Levelheaded ballplayers like to espouse the belief that everything will even out over a 162-game season, and numbers that may look subpar in May or July inevitably will resemble career norms come late September.
"They're called averages for a reason," these players will say.
If you believe in that mantra, you like what you've seen from several key Nationals of late. And you probably believe it's going to continue over the season's final two months.
Take Bryce Harper, for example, who entered the All-Star break sporting a .214 batting average and causing widespread panic throughout the DMV.
Well, with another big night at the plate Thursday (2-for-3 with a homer and two walks) Harper raised his batting average since the All-Star break to .359. His OPS in that time is 1.172. He has three homers, 13 RBIs and seven extra-base hits and has raised his batting average to .230.
Now take Daniel Murphy, who got off to a very slow start when he finally made his season debut in mid-June following knee surgery but at long last is looking very much like his old self. Since the break, the veteran second baseman is batting .366 with a 1.056 OPS, three homers, 11 RBIs and five extra-base hits to raise his batting average to .289.
And don't forget about Ryan Zimmerman, one of the most ardent believers in the "They're called averages for a reason" mantra. Though he's not playing every day, as are Harper and Murphy, he's still producing at a much higher clip of late. Since the All-Star break, Zimmerman is batting .292 with a .912 OPS.
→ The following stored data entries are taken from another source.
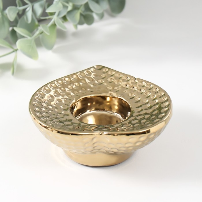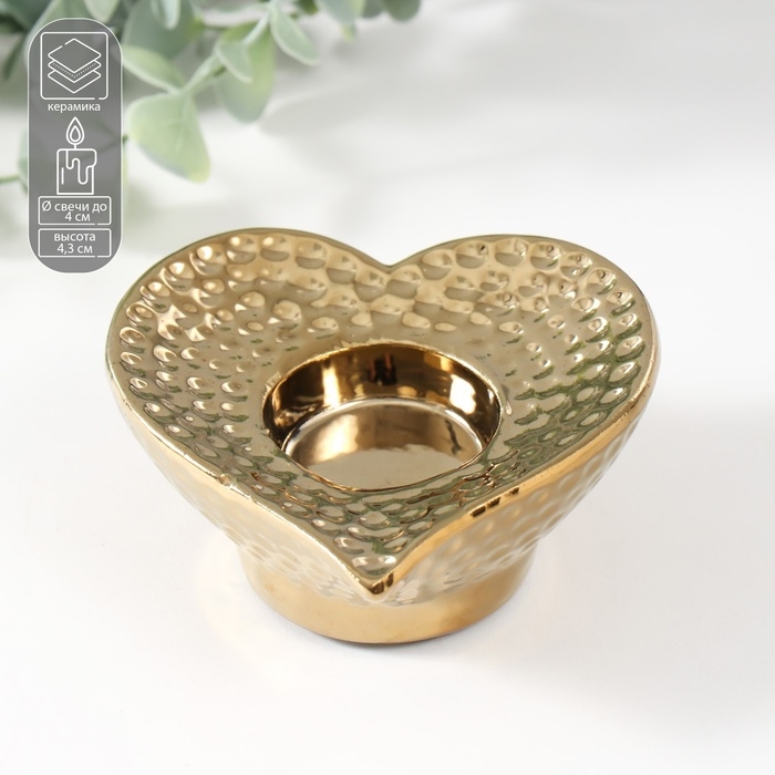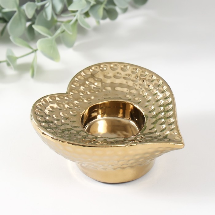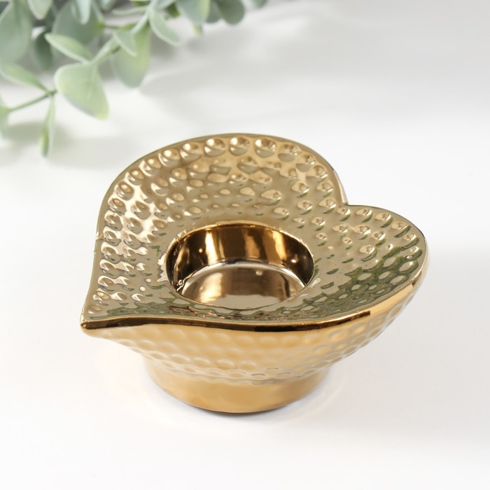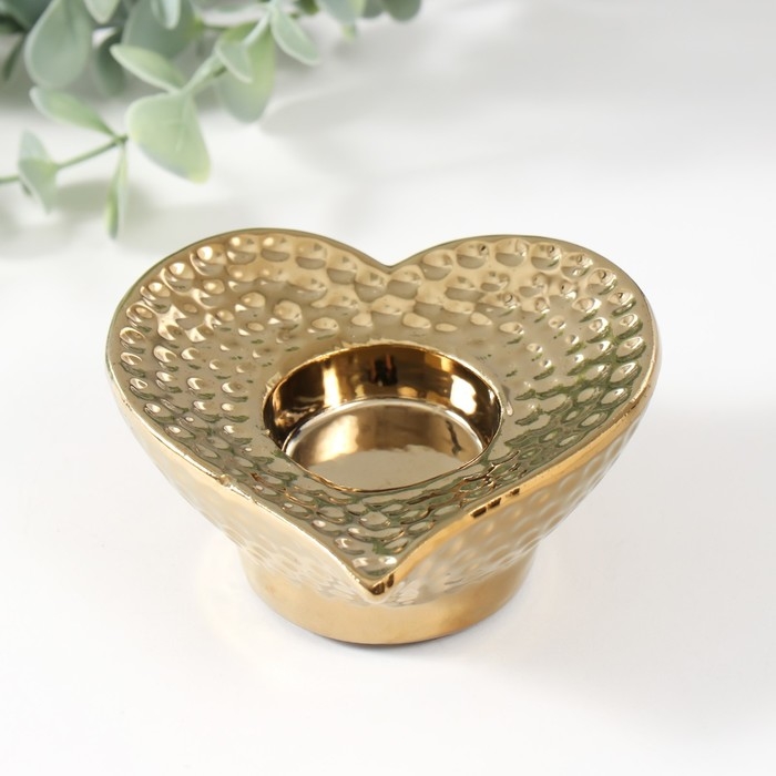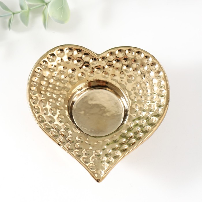 Подсвечник керамика на 1 свечу "Сердце" d=4 см золото 10,2х10,2х4,3 см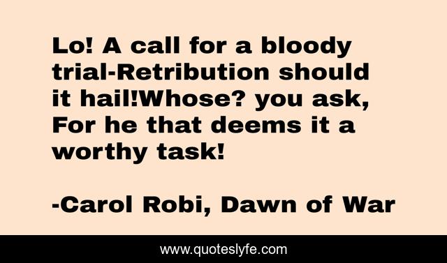 "Carol Robi, Dawn of War Quotes." Quoteslyfe.com, 2025. Sat. 06 Dec. 2025. <https://www.quoteslyfe.com/quote/Lo-A-call-for-a-bloody-trial-101038>.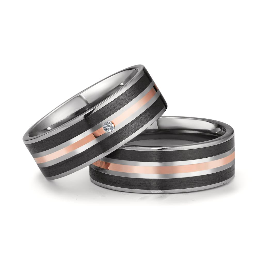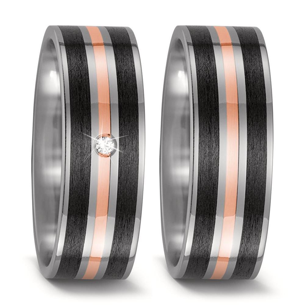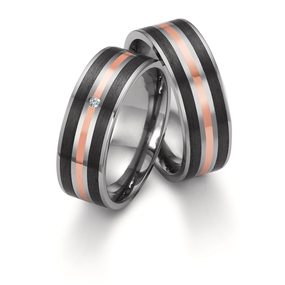 Partnerring Titan, 750/18 K Rotgold, Carbon Diamant 0.02 ct, w-si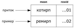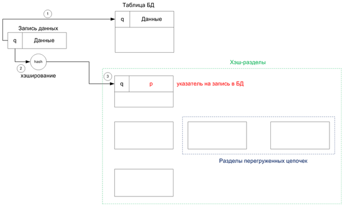 Доступ к записи можно описать с помощью следующей цепочки: q→h(q)=i→ чтение i раздела хэш-индекса →(q,p)→ чтение по p записи из таблицы БД.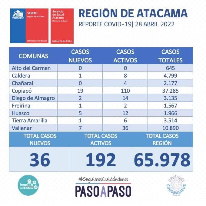 Este jueves 28 abril se reportan 36 nuevos casos positivos de Coronavirus en la región de Atacama. 19 casos corresponden a la comuna de Copiapó, 7 casos a la comuna de Vallenar, 5 casos a la comuna de Huasco, 2 casos a la comuna de Diego de Almagro, 1 casos a la comuna de Caldera, 1 caso a la comuna de Freirina, y 1 caso a la comuna de Tierra Amarilla.

"Any time you go through a long season, you have ups and downs, and at the end of the year I think your numbers are going to be what they're going to be," Trea Turner said. "We've played a lot of baseball. And if the numbers say that they're lower than their career averages, I would imagine by the end of the year they're going to be pretty close to those numbers."
That may hold true for the Nationals lineup as a whole. That group struggled regularly for much of the early portion of the summer, but it has flipped a switch in the last two weeks.
Since the All-Star break, the Nats as a team are scoring 6.92 runs per game (tops in the majors), batting .281 (second-best in the National League), reaching base at a .370 clip (tops in the majors) and posting an .864 OPS (tops in the NL).
Yes, that 25-run explosion Tuesday night against the Mets certainly skews the numbers a bit, but this team still has scored five or more runs in eight of 12 games since the break, scoring nine or more runs four times.
"It's huge," manager Davey Martinez said. "We are starting to string at-bats along the whole lineup, and that's huge. There's no stopgap. Those guys can continue to do that and take their walks, take their hits, drive in runs from third base (with) less than two outs, all those things."